> [Exercise brief]
Return each record word for word and omit the pictures.
----- Data extracts
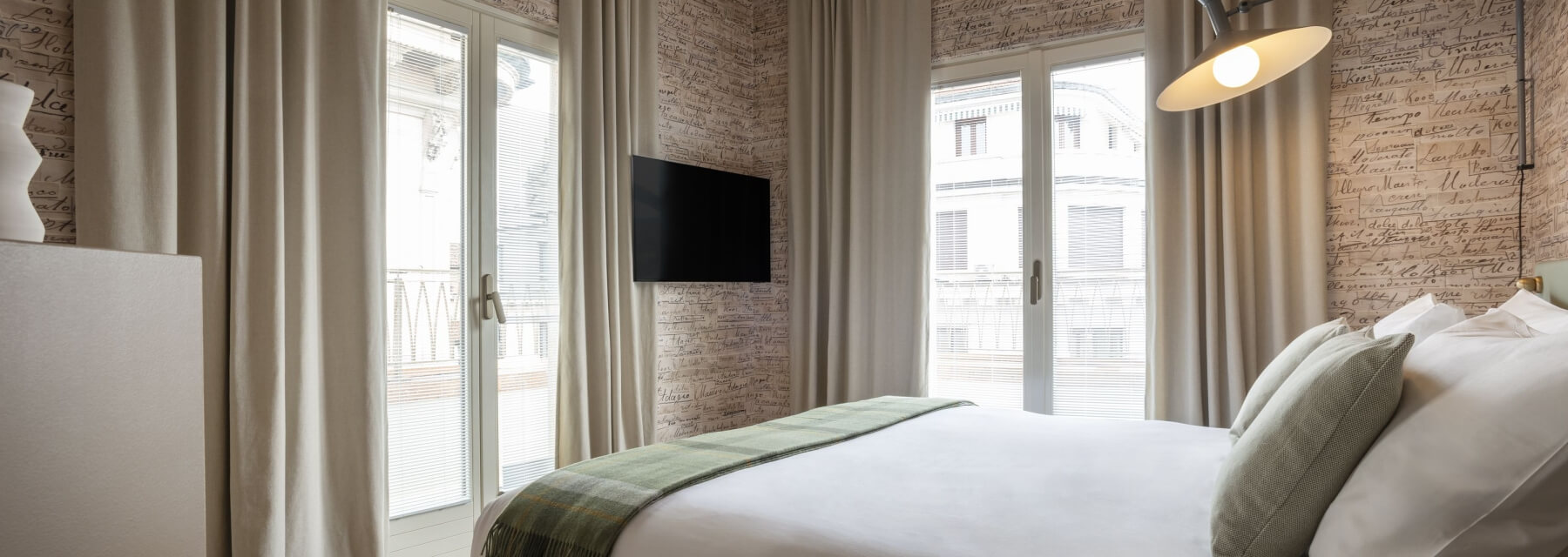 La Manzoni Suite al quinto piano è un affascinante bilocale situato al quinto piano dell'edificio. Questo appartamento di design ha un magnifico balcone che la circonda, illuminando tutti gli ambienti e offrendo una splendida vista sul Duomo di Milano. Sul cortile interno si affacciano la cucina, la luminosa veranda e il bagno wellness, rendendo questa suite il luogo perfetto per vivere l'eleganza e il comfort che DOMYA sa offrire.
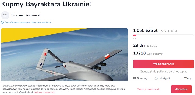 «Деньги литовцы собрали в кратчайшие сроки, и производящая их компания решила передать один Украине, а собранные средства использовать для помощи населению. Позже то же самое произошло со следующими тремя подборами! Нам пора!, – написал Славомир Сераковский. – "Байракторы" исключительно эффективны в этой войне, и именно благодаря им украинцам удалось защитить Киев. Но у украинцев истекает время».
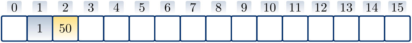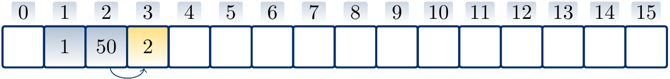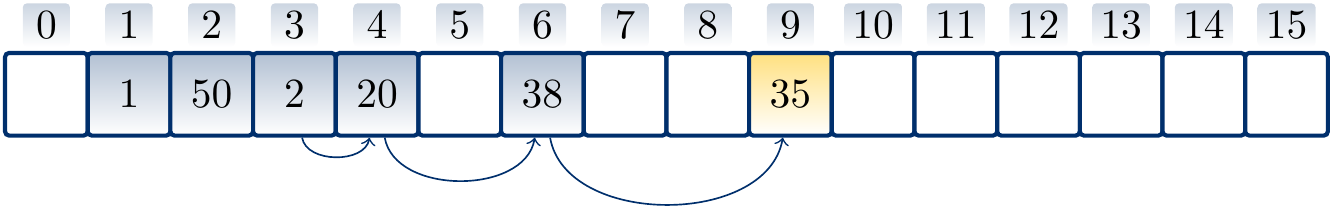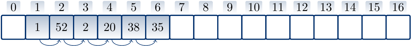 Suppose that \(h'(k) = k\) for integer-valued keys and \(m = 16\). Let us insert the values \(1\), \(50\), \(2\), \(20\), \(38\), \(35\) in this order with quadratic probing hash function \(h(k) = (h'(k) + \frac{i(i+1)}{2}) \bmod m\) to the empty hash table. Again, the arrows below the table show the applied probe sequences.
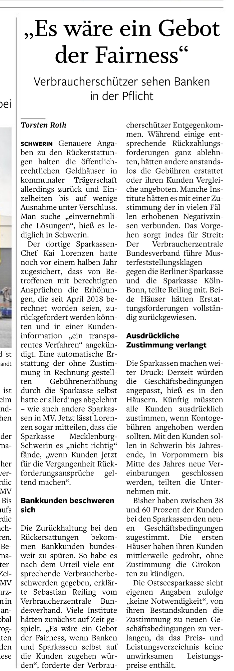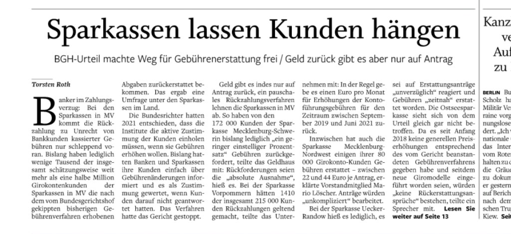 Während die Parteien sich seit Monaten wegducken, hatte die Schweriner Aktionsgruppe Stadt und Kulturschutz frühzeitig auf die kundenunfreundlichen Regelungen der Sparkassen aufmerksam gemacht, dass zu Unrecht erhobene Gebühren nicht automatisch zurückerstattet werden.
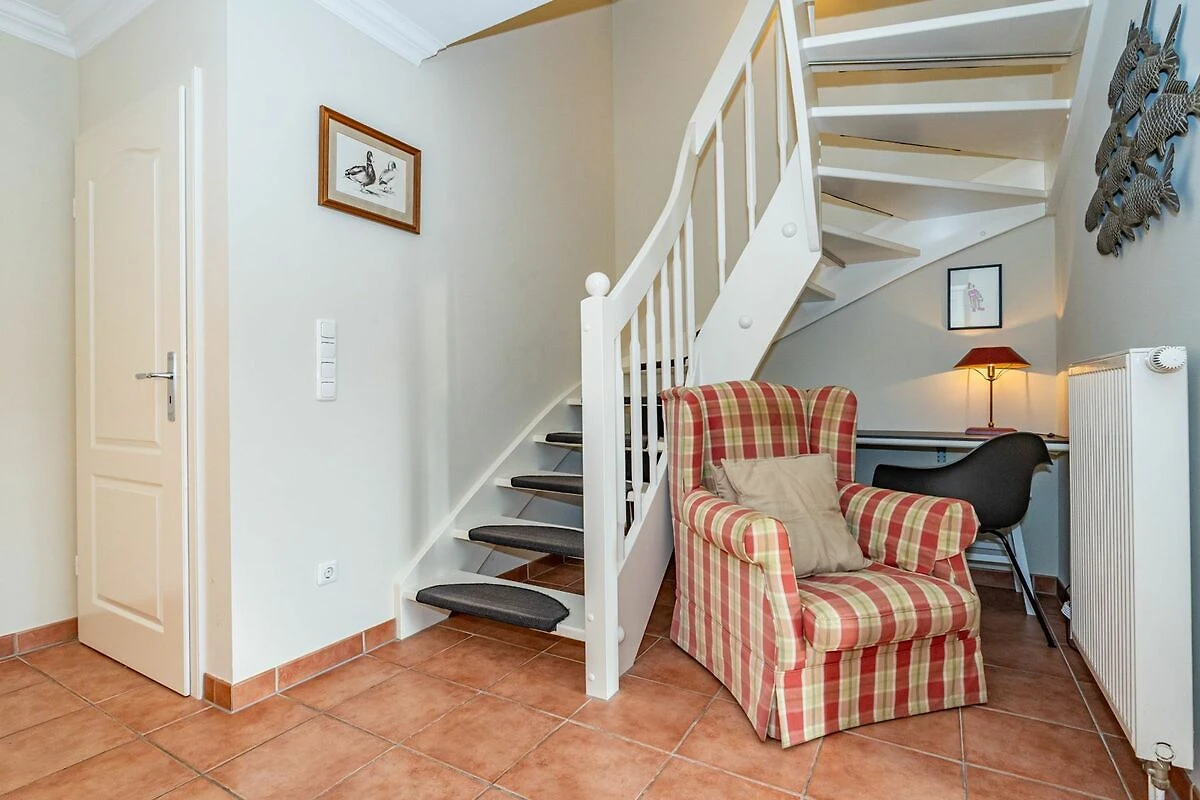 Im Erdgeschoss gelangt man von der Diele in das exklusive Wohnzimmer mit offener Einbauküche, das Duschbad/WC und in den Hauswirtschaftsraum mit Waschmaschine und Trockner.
----------
> [Answer space]
 La Manzoni Suite al quinto piano è un affascinante bilocale situato al quinto piano dell'edificio. Questo appartamento di design ha un magnifico balcone che la circonda, illuminando tutti gli ambienti e offrendo una splendida vista sul Duomo di Milano. Sul cortile interno si affacciano la cucina, la luminosa veranda e il bagno wellness, rendendo questa suite il luogo perfetto per vivere l'eleganza e il comfort che DOMYA sa offrire.
 «Деньги литовцы собрали в кратчайшие сроки, и производящая их компания решила передать один Украине, а собранные средства использовать для помощи населению. Позже то же самое произошло со следующими тремя подборами! Нам пора!, – написал Славомир Сераковский. – "Байракторы" исключительно эффективны в этой войне, и именно благодаря им украинцам удалось защитить Киев. Но у украинцев истекает время».
 Suppose that \(h'(k) = k\) for integer-valued keys and \(m = 16\). Let us insert the values \(1\), \(50\), \(2\), \(20\), \(38\), \(35\) in this order with quadratic probing hash function \(h(k) = (h'(k) + \frac{i(i+1)}{2}) \bmod m\) to the empty hash table. Again, the arrows below the table show the applied probe sequences.
 Während die Parteien sich seit Monaten wegducken, hatte die Schweriner Aktionsgruppe Stadt und Kulturschutz frühzeitig auf die kundenunfreundlichen Regelungen der Sparkassen aufmerksam gemacht, dass zu Unrecht erhobene Gebühren nicht automatisch zurückerstattet werden.
 Im Erdgeschoss gelangt man von der Diele in das exklusive Wohnzimmer mit offener Einbauküche, das Duschbad/WC und in den Hauswirtschaftsraum mit Waschmaschine und Trockner.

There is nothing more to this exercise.